A judge orders a culpable homicide trial for eight medical staff based on evidence they failed to take ‘action that could have prevented the death’.

Eight people who took care of football legend Diego Maradona will be tried in Argentinian courts for homicide, according to a court ruling following an investigation into his death by cardiac arrest in November 2020.

On Wednesday, a judge ordered a culpable homicide trial for the eight, who include Maradona’s family doctor and nurses, based on evidence that they had failed to take “action that could have prevented the death”.

The defendants named in the ruling were Maradona’s neurosurgeon and personal doctor, Leopoldo Luque, psychiatrist Agustina Cosachov, psychologist Carlos Diaz, nurses Gisella Madrid and Ricardo Almiron, their boss Mariano Perroni, and doctors Pedro Di Spagna and Nancy Forlini.

The defendants have denied responsibility for Maradona’s death. The judge said lawyers for some of them had requested that the case be dismissed.

Maradona died aged 60 while recovering from brain surgery for a blood clot.

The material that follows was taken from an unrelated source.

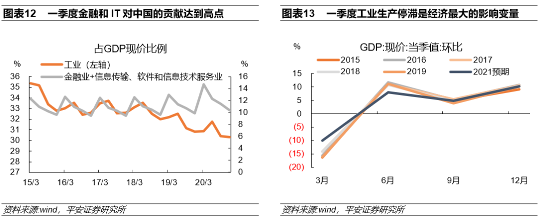 我们逐一考察国家统计局给出的季度分行业GDP,发现只有金融业和信息技术行业在历年一季度是全年高点,其他行业(包括批发零售、住宿餐饮、交通运输这些直观受益于春节假期的行业)一季度均为全年低点。金融和IT行业不仅不会受到就地过年的影响,还有可能从中受益;工业作为GDP中占比超30%的最大影响因子,会较为确定地受益于就地过年,实现快速复工复产,这将使得工业生产在一、二季度之间平滑;而对消费减少的负面冲击还需要观察。一言以蔽之,传统春节期间由于生产停滞,对经济大多数部门都有负面影响,而就地过年能够减少生产停滞,对经济的影响很可能是正面的,或者至少没有市场预期得带来那么大的冲击。

He had battled cocaine and alcohol addictions for decades.

He was found dead in bed two weeks after going under the knife, in a rented house in an exclusive Buenos Aires neighbourhood where he was brought after being discharged from hospital.


The judge in charge of the case questioned “the behaviours – active or by omission – of each of the accused which led to and contributed to the realisation of the harmful result”.

A medical board appointed to investigate Maradona’s death concluded in 2021 that the football star’s medical team acted in an “inappropriate, deficient and reckless manner”.

Maradona was considered one of the greatest footballers in history, nicknamed “Pelusa” for his long mane of hair and “D10S” as a play on the Spanish word for “God” using his jersey number.

He became an idol to millions of Argentinians after he inspired the South American country to their second World Cup triumph in 1986.

Mario Baudry, a lawyer for one of Maradona’s sons, told Reuters news agency that the World Cup winner was “in a situation of helplessness” by the time of his death.

“As soon as I saw the cause, I said it was homicide. I fought for a long time and here we are, with this stage completed,” he said.

The crime of “simple homicide” in Argentina usually leads to a sentence of eight to 25 years in prison, according to the country’s penal code.

There is no set date for the trial yet.